Comparative Assessment of Cytokine Pattern in Early and Late Onset of Neonatal Sepsis

1Kazan State Medical University, Kazan, Russia
2Kazan Federal University, Kazan, Russia
3Nevada Center for Biomedical Research, Reno, NV, USA
4Republic Children’s Clinical Hospital, Kazan, Russia

Correspondence should be addressed to S. V. Boichuk; ur.liam@iegreskuhciob and A. A. Rizvanov; ur.ufpk@vonavzir.trebla

Received 10 October 2016; Accepted 20 February 2017; Published 5 March 2017

Academic Editor: Levon Abrahamyan

Copyright © 2017 Kh. S. Khaertynov et al. This is an open access article distributed under the Creative Commons Attribution License, which permits unrestricted use, distribution, and reproduction in any medium, provided the original work is properly cited.

Abstract

Neonatal sepsis is a significant health issue associated with high mortality. Immune responses associated with neonatal sepsis, such as proinflammatory cytokine production, are believed to play a central role in the pathogenesis of this disease. In the present study, serum levels of the proinflammatory cytokines TNF-α, IL1-β, and IL-6 and the anti-inflammatory cytokines IL-4 and IL-10 were evaluated for 25 subjects with neonatal sepsis. We observed that subjects with late onset of sepsis (LOS), as well as those with early onset of sepsis (EOS), had a substantial increase in serum TNF-α. In contrast to EOS, subjects with LOS demonstrated a significant increase in serum levels IL-6 and IL-10. Additionally, we observed a significant difference in cytokine profiles between acute and postacute cases of neonatal sepsis.
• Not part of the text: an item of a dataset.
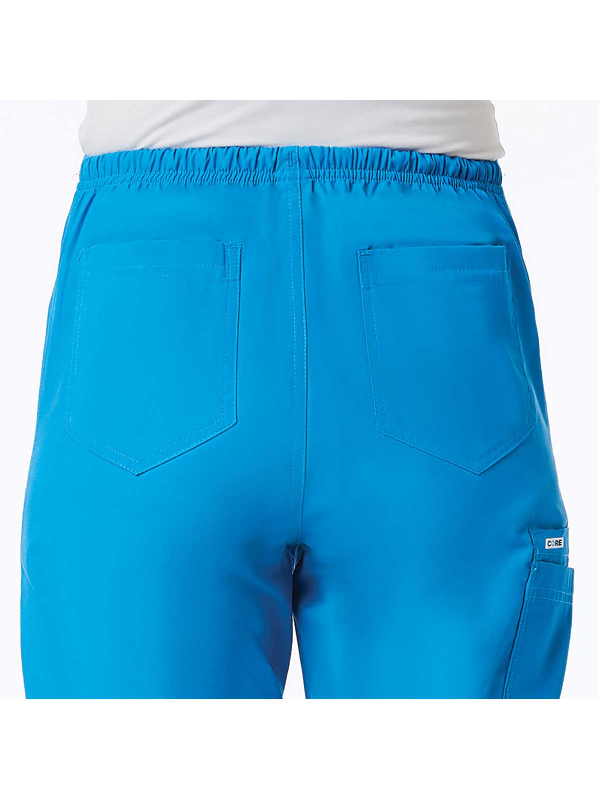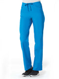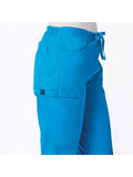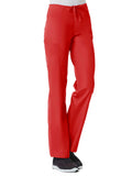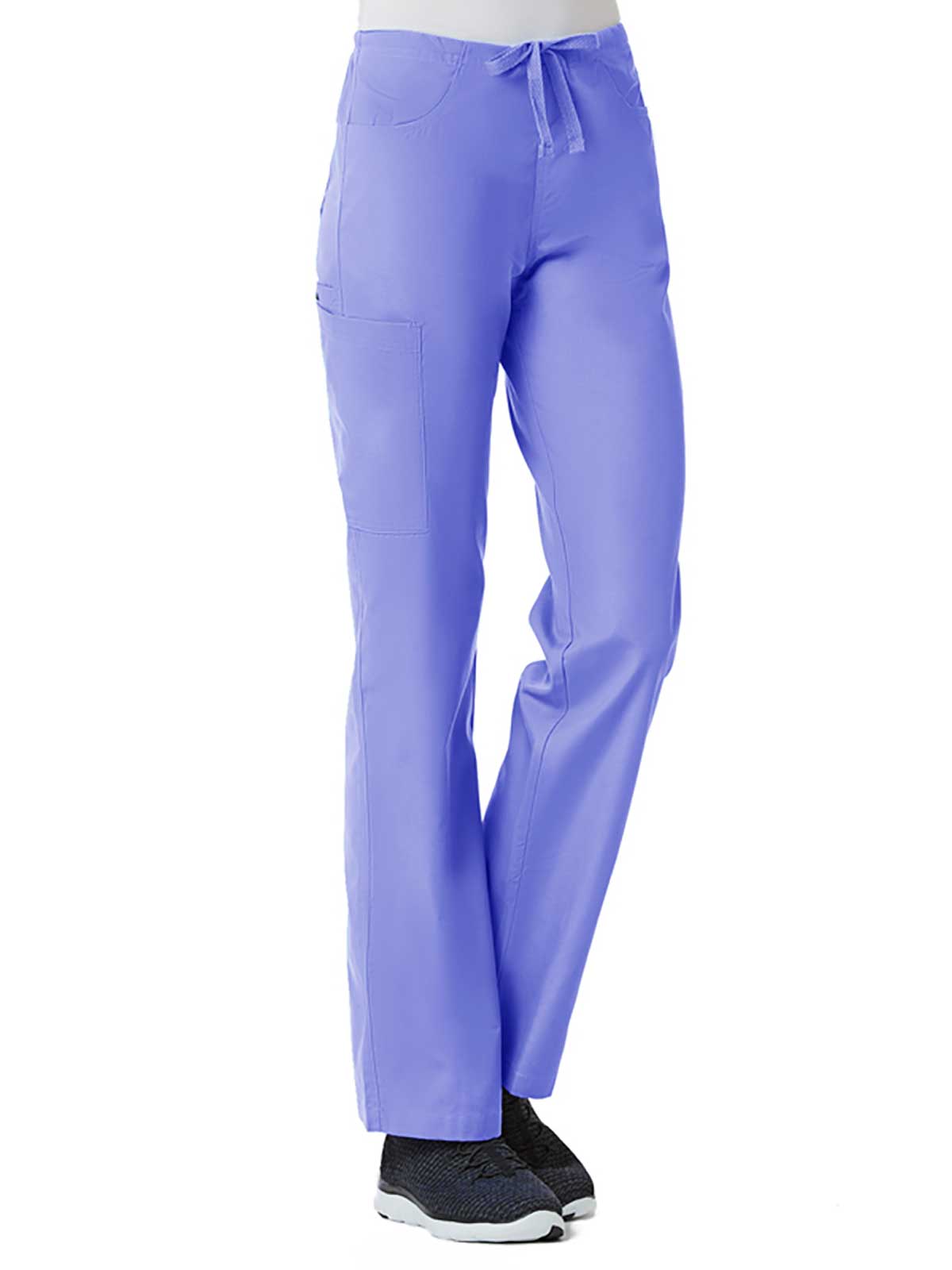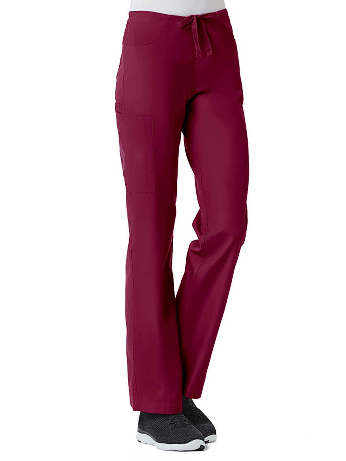 "*Ladies straight leg with flat front and elastic back waist *Two front slash pockets and two back patch pockets *One cargo pocket and inner cell pocket *Dyed-to-match drawstring *Side vents"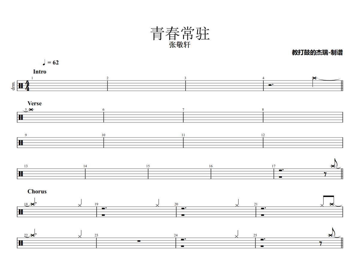 张敬轩《青春常驻》鼓谱 - 架子鼓谱

For instance, the level of proinflammatory cytokines, such as TNF-α and IL-6, was elevated in the acute phase, whereas the production of anti-inflammatory cytokines, such as IL-10, became substantially upregulated during the postacute phase. Additionally, no correlation was observed between cytokine levels and CRP levels or lymphocyte counts. Thus, in contrast to CRP levels and lymphocyte counts, examination of the cytokine profile can provide valuable information when determining the most effective therapy for treating neonatal sepsis. This information may be useful to physicians when determining if anti-inflammatory or immune stimulatory therapy is warranted.